In a reply, Il Giornale's then editor speculated on the reasons why other papers had been so reluctant to cover the story.
"Might it not be because D&G spend a good deal of their money on full-page advertising in dailies?" he asked. Il Giornale, with its older reader profile, is rarely a target for Dolce & Gabbana campaigns, and is anyway backed by the Berlusconi family's billions.
Speculation apart, the respect commanded by the most famous initials in frocks is daunting. Last year Milan's mayor and council turned over city hall to them for a party and exhibition to celebrate the 20th anniversary of Dolce & Gabbana Uomo. The square that also houses Milan's fabled opera house, La Scala, was blocked off, and the trams that run through it were diverted.
The lone voice raised in protest was that of the councillor Basilio Rizzo, a follower of the iconoclastic Nobel prizewinning playwright and actor Dario Fo, who himself stood for mayor in 2006.

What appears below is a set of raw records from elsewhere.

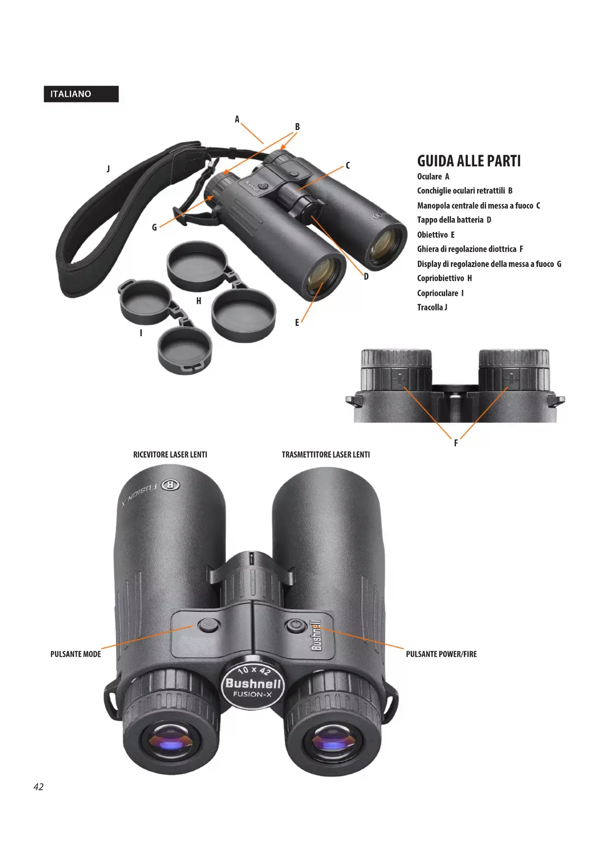 Grazie per aver acquistato il nuovo binocolo telemetro Bushnell® Fusion™ X. Questo manuale consente di ottimizzare la qualità di visione spiegando come regolare il binocolo telemetro agli occhi e come prendersi cura di questo strumento. NON GUARDARE MAI DIRETTAMENTE IL SOLE CON IL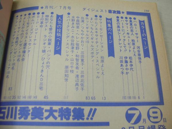 BOMB ボム 1982年07月号 柏原よしえ 表紙+巻頭特集+3折ピンナップ(対面は河合奈保子) 河合奈保子・巻頭グラビア 石川秀美 北原佐和子 つちやかおり 三井比佐子 甲斐智枝美 水野きみこ 松本伊代 伊藤さやか 川田あつ子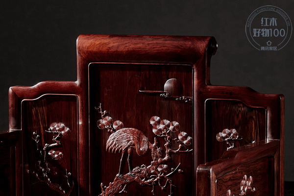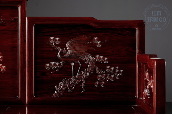 松是“百木之長(zhǎng)”,鶴是“百羽之宗”,松與鶴象征長(zhǎng)壽和高潔,兩種意象也被道家引入神仙世界。萬(wàn)年長(zhǎng)青、神思高雅的“仙物”和紅木家具的堅(jiān)固耐用遙相呼應(yīng),整套家具看著給人寧?kù)o逍遙的感覺。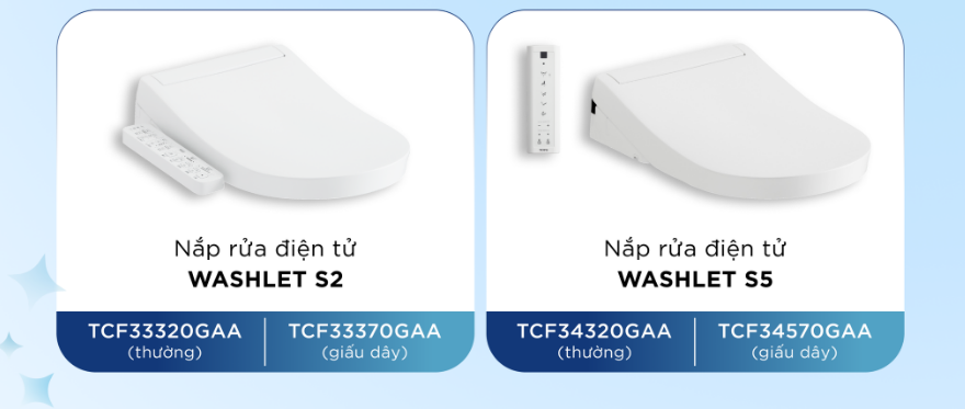1. 2 mẫu nắp rửa điện tử Washlet dành riêng cho bàn cầu thân chữ D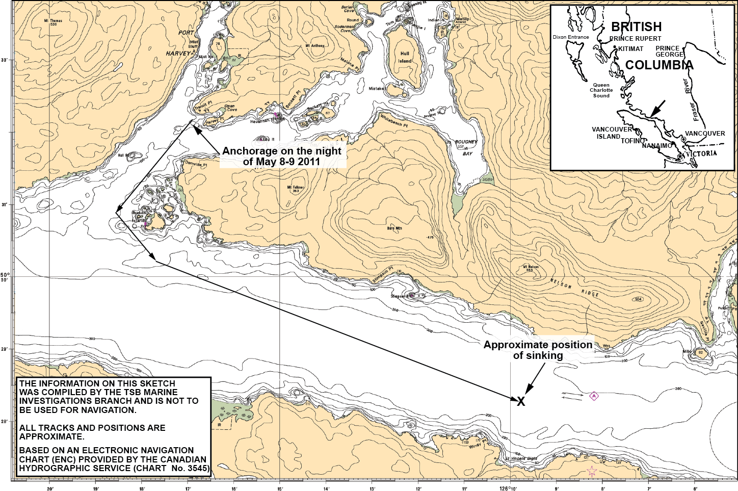 At 0758, the CCGS Point Race arrived on scene. By this time, the vessel was fully engulfed. The vessel eventually sank at 0938 in position 50°28′12″ N, 126°09′36″ W (Photo 3). (Appendix B)
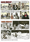 lagged behind. "And the readers themselves urged me on. At first the strip was something of an anachronism. It dealt with the twentieth century intruding upon this sleepy little Montana town. But the readers tended to want their West to be the Old West. And I kept hearing that, and finally, I thought to myself, That's what I want too. So in the late sixties I adopted a centennial theme: if it was 1969, it was 1869 in the strip. And I kept that going. "Once we were in the Old West," he continued, "I felt I had to be authentic about it. Again back to Russell: Russell sort of set the standard. Painters of the West today are locked into doing it very authentically; you don't find much successful impressionism of Western subjects. "It's almost as if the viewer wants authenticity in the detail," he said. "This goes even deeper. I had a friend from Ireland, who said he believed the West was our folk legend, similar to their knights of the round table or Robin Hood. And it certainly is the thing that is recognizable in Europe and elsewhere about the U.S. There's something about the space and the freedom that we had as a people that I think finds its expression in the Western, that frontier spirit and feeling." I agreed: "I have said on many occasions that the Western—whether it's about a cowboy or a gunfighter or Marshal Earp—whatever it is, it's the American mythology, and those characters are the archetypal Americans. And in fact, I've even tried to make a case for superhero comic books simply being another manifestation of the same thing. And if you think about it, they really are: the classic Western story has to do with an individual who's posing his sense of right and wrong against what's around him, and he really is a vigilante--just like the superheroes always are." "That's exactly right," Lynde said. "It has been pointed out that Star Wars, for instance, was definitely a Western, a very very good adaptation." He continued: "I think one of the great evidences of the vitality of the Western is what people have done to it. How it has been corrupted and abused, how it survives the debunkers who periodically rise up and revise history. They've done it with the gunfighter myth and with the Indian myth. This year it's popular to do it with Christopher Columbus and the early explorers. But it survives all that. It survives bad Western movies by Hollywood. "One of my frustrations has always been that the prevailing wisdom on the part of newspaper editors or TV or movie people—or whoever, or syndicates—is that Westerns don't work. Then we get a good one like Lonesome Dove, and everyone says, Well, yeah—Hey, that works. And then they do some more Westerns and they do a bad one or two, and they don't work, and they go back and say, Westerns don't work. That stuff doesn't work. Well, Westerns do work if you do them right and authentically." Clint Eastwood's Unforgiven was one of those successful Westerns. And it was influenced by Rick O'Shay. Michael Price, movie critic of the Fort Worth Star Telegram, made the observation in his review of the film: "The very mentors to whose memories Eastwood has dedicated Unforgiven, Don Siegel [The Shootist among others] and Sergio Leone [Fistful of Dollars, etc.], had long ago acknowledge the funny papers' Rick O'Shay as an influence." Lynde noted one striking similarity: "There was one scene in The Unforgiven where the Eastwood character was shooting at a tin can and missing and finally goes back for his shotgun, which came from a Sunday page I'd done in Rick. In fact, I'd done it a couple times, with different punchlines. A friend suggested that I send one to Eastwood with a note saying, Saw Unforgiven--and I forgive you," he finished with a laugh. Lynde has done a great deal of research in producing his strips, including reading historical accounts and logbooks and personal diaries written during the period of his stories. Said he: "I've had cartoonists ask me why I go to all the work of making sure that all the detail is totally authentic and accurate. And my answer has always been that I feel there's something about doing it as authentically as I can that will communicate to people, even those who don't know. For example, when I read the sea stories of Melville or Dana, I don't know anything about the sea, but I'm always given the impression that, This is right. And I think that comes through." I observed that his passion for authenticity goes beyond the visuals: "Even the language, the way the characters talk, sounds authentic," I said. "I have no way of knowing whether it is authentic. But it certainly doesn't sound like Hollywood cowboys: it sounds like real cowboys." "Well, I appreciate that," Lynde said. "I hope that's true. Cowboys were colorful talkers. They certainly were. They may not have been altogether literate, as far as reading was concerned, but they had mastered their language. You'll find a lot of exactly what we're talking about in a book called Trails Plowed Under. It's a book of stories by Charlie Russell, told in dialect or by a ‘character.' They're wonderful. Russell's stories are perhaps almost as good as his art." I said, "I ran across an expression in one of your novels—someone who didn't have `enough clothes to pad a crutch.'" "Yes," Lynde laughed. "That's from Charlie Russell. Really descriptive. It's the kind of thing the old timers did a lot of." We talked about his characters. I asked: "To what extent do you feel that the characters are whispering in your ear about what they're going to do next?" "That's a pretty strong feeling," he said. "I often think of them as actors, and they have to negotiate for billing and what have you. Once a fan who had stayed with me for a long time wrote to me upset and said Hipshot wouldn't have done that—whatever particular thing it was. He knew Hipshot and he knew Hipshot wouldn't have done that. And I thought, All right, it's that real to them." "But the characters are real to y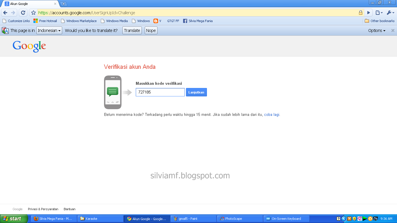 Masukkan kode verifikasi yang sudah tim gmail kirimkan ko nomor handphone anda, klik lanjutkan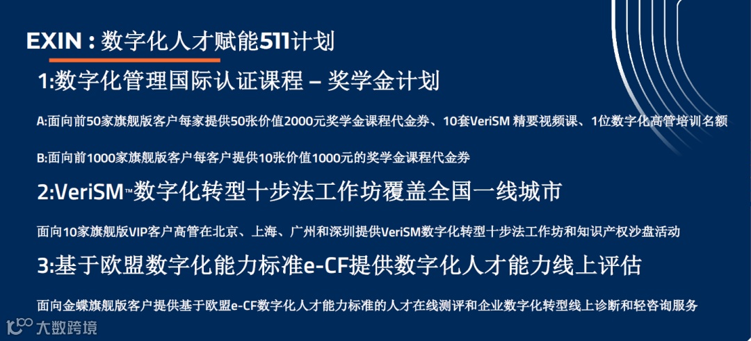 人才的能力建设对于一个CIO、对于数字化转型极其重要。因此,金蝶与EXIN国际信息科学考试学会战略合作,联合发布了“数字化人才赋能511计划”,结合金蝶云·星空旗舰版的可组装业务能力,组装人才能力,用国际认证体系赋能更多的中小企业,帮助企业培养一批具备国际视野、既懂业务又懂IT技术的复合型人才。

Earlier this month, before learning of the prosecutor's request, Rizzo had petitioned the mayor, asking for the two designers to be stripped of medals they were given by the city last year in recognition of their work, "since, in accordance with the bylaws, the recipients should be of unimpeachable conduct", he told the Guardian today.
Rizzo added: "I understand they were given a special rate for the use of the building on the grounds that it was a cultural event. I have since referred the matter to the audit court."

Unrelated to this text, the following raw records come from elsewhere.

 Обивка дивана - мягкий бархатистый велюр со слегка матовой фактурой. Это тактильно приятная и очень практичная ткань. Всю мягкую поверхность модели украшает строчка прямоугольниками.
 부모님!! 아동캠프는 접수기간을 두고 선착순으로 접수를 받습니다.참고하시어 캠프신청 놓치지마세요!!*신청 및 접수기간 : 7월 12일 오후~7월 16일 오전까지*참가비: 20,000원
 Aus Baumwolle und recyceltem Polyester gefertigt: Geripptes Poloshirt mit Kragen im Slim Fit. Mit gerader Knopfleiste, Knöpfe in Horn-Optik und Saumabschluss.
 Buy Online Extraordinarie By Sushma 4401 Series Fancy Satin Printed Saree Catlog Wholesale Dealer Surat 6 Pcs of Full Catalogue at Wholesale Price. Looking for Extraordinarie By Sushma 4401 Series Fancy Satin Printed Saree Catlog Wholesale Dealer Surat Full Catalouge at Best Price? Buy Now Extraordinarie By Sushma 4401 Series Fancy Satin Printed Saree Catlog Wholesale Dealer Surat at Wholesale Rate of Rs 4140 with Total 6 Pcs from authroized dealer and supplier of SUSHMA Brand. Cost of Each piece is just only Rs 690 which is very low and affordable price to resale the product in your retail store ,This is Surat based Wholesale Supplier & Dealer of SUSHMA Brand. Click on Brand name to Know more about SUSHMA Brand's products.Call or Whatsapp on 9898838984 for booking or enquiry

Dolce and Gabbana's relationship dates back to 1980. Possibly the biggest of their many breakthroughs came when Madonna asked them to design the outfits for her 1993 Girlie Show tour. By the mid-2000s, their group's turnover had topped €750m.
But, according to the petition submitted by Laura Pedio, the prosecutor who has been investigating them, not all of the profits were being declared in Italy.

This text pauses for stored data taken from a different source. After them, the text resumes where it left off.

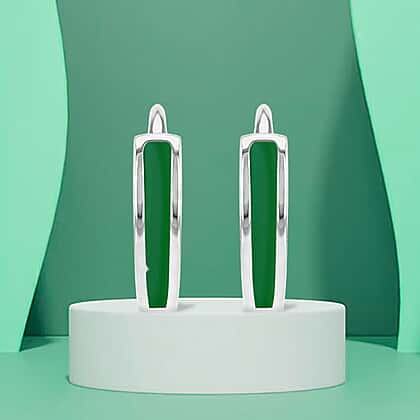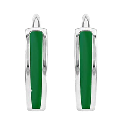 Green Enamel V Shape Huggie Hoop Earrings in Sterling Silver Rhodium Plated
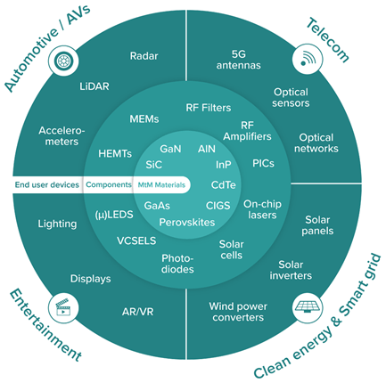 Por eso, la industria ya habla de estrategias como More than Moore: en lugar de seguir apilando transistores en el plano tradicional 2D, se exploran nuevas vías, como la integración tridimensional de circuitos (3D), apilamiento vertical, nuevos materiales, nuevos enfoques arquitectónicos…(https://www.itrs2.org/uploads/4/9/7/7/49775221/irc-itrs-mtm-v2_3.pdf). La siguiente imagen ilustra los principales campos de aplicación de los dispositivos More than Moore (MtM). En el centro se pueden ver diversos materiales MtM, y más hacia el exterior se pueden ver componentes MtM y dispositivos de usuario final para los cuatro campos de aplicación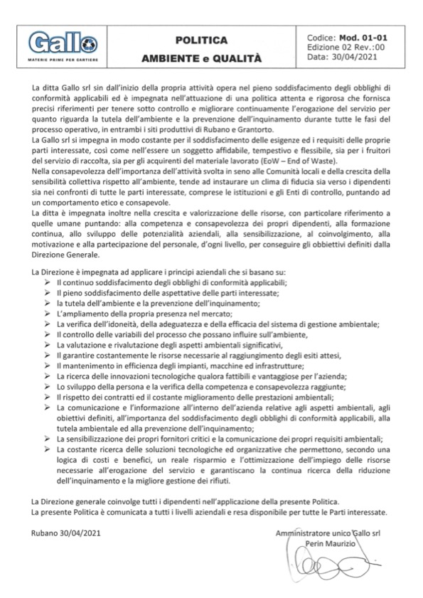 Politica Qualità e Ambiente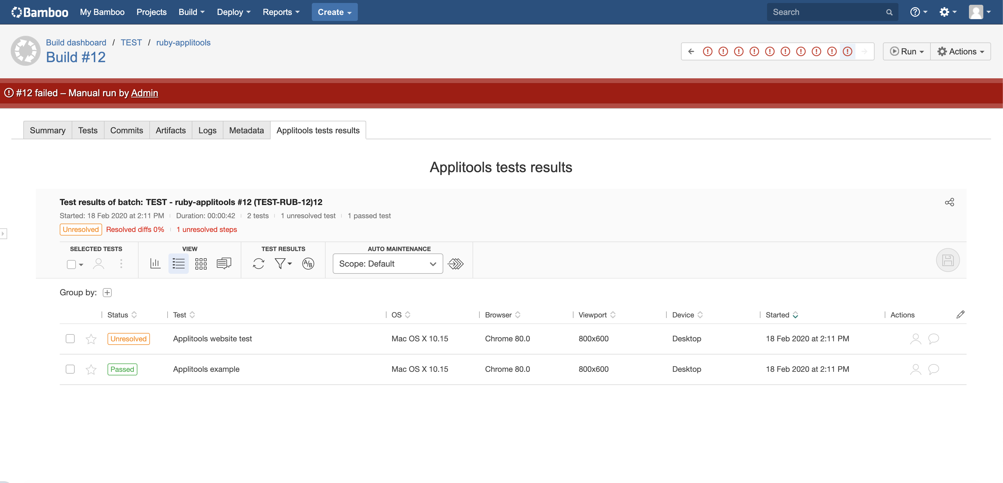 After your test has run, you can see the results on the Applitools test results tab on the Bamboo Build results page.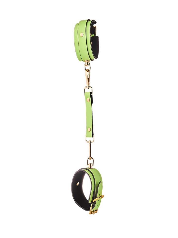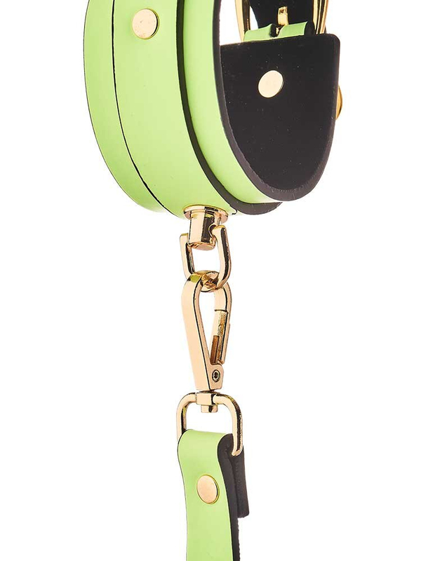 Οι χειροπέδες είναι κατασκευασμένες από εξαιρετικής ποιότητας και υφής δέρμα faux, με ιδιαίτερα μαλακή, εσωτερική επένδυση από νεοπρένιο για άνετη πολύωρη χρήση, χωρίς σημάδια και ερεθισμούς. Ασφαλίζουν πλήρως μέσω μίας ρυθμιζόμενης, μεταλλικής αγκράφας και προσαρμόζονται άψογα στις επιθυμητές κάθε φορά διαστάσεις. Μία αλυσίδα 10cm, αποσπώμενη από τη μία πλευρά με γαντζάκι, διακοσμημένη με χρυσές, μεταλλικές λεπτομέρειες, ενώνει μέσω στέρεων D-Rings, τις δύο μανσέτες μεταξύ τους, για πλήρη ακινητοποίηση. Στους δακτυλίους μπορείτε να προσαρτήσετε και άλλα bondage αξεσουάρ της συλλογής σας για να εμπλουτίσετε το παιχνίδι σας.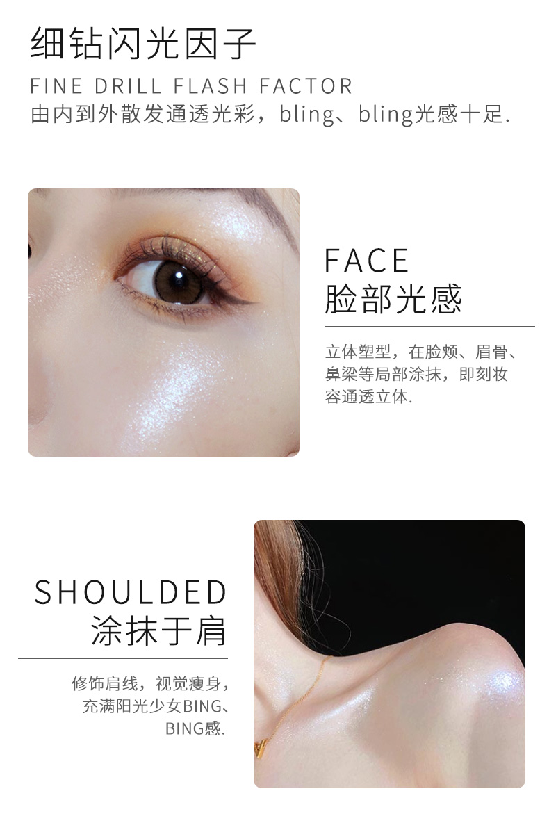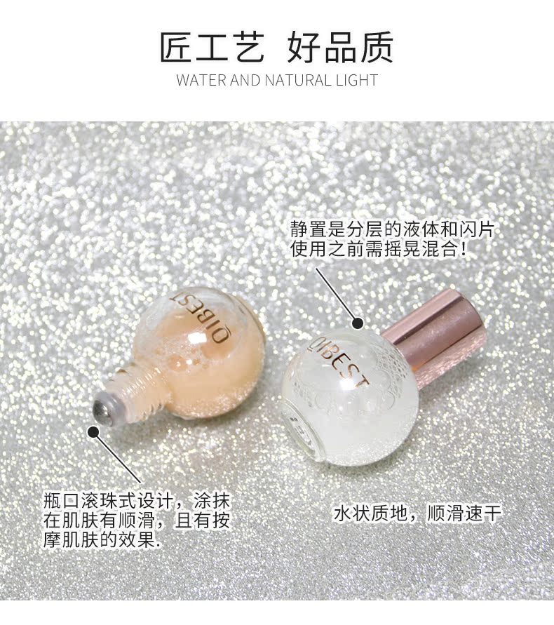 水润闪亮高光液,滚珠式设计,易上手,顺滑速干,立体塑型,内含细钻闪光因子,比固体高光更细腻,针对不同脸型,高光与阴影的完美结合,让你拥有立体妆容!防水防汗不易脱妆!

Starting in 2004, the royalties on the partners' brands had been funnelled to a company in Luxembourg with a name formed from the first two letters of their names – Gado.
By paying the Grand Duchy's much lower rates of taxation, Pedio claims, each of the designers avoided Italian tax on €416m, while their company missed payments on a further €200m.
She has asked for Dolce's brother, Alfonso, two company executives and a tax adviser to be indicted too.
A spokeswoman for Dolce & Gabbana said she had no comment to make.
This is not the first controversy Dolce and Gabbana have weathered. Three years ago, they came under fire over an advertisement that was accused of exalting gang rape: it showed a woman being held down on the ground by a man while other men looked on.
In 2009, Giorgio Armani accused the couple of having copied from him a design for quilted trousers – a charge Dolce and Gabbana contemptuously dismissed.
"The Armani style was never a source of inspiration for us and it is years since we have bothered to watch his collections," they replied.
By then, neither had any need to rip off other people's ideas. Their own designs – many inspired by their common love of Sicily, where Dolce was born, others evoking images and styles from 1960s Italian cinema – had provided them with the basis for three immensely successful global brands.
Their Dolce&Gabbana line offers everything from haute couture and pret a porter gowns – "celebratory dresses for glamazons", Vogue once called them – to scents, sunglasses and underwear.
D&G and D&G Junior target progressively younger audiences and are key to the firm's penetration of contemporary youth culture, especially that surrounding hip-hop.
As rapper Lil Wayne says in Money On My Mind: "Developed at a young age. Go after what pays / These Gabbana sunshades block the sunrays."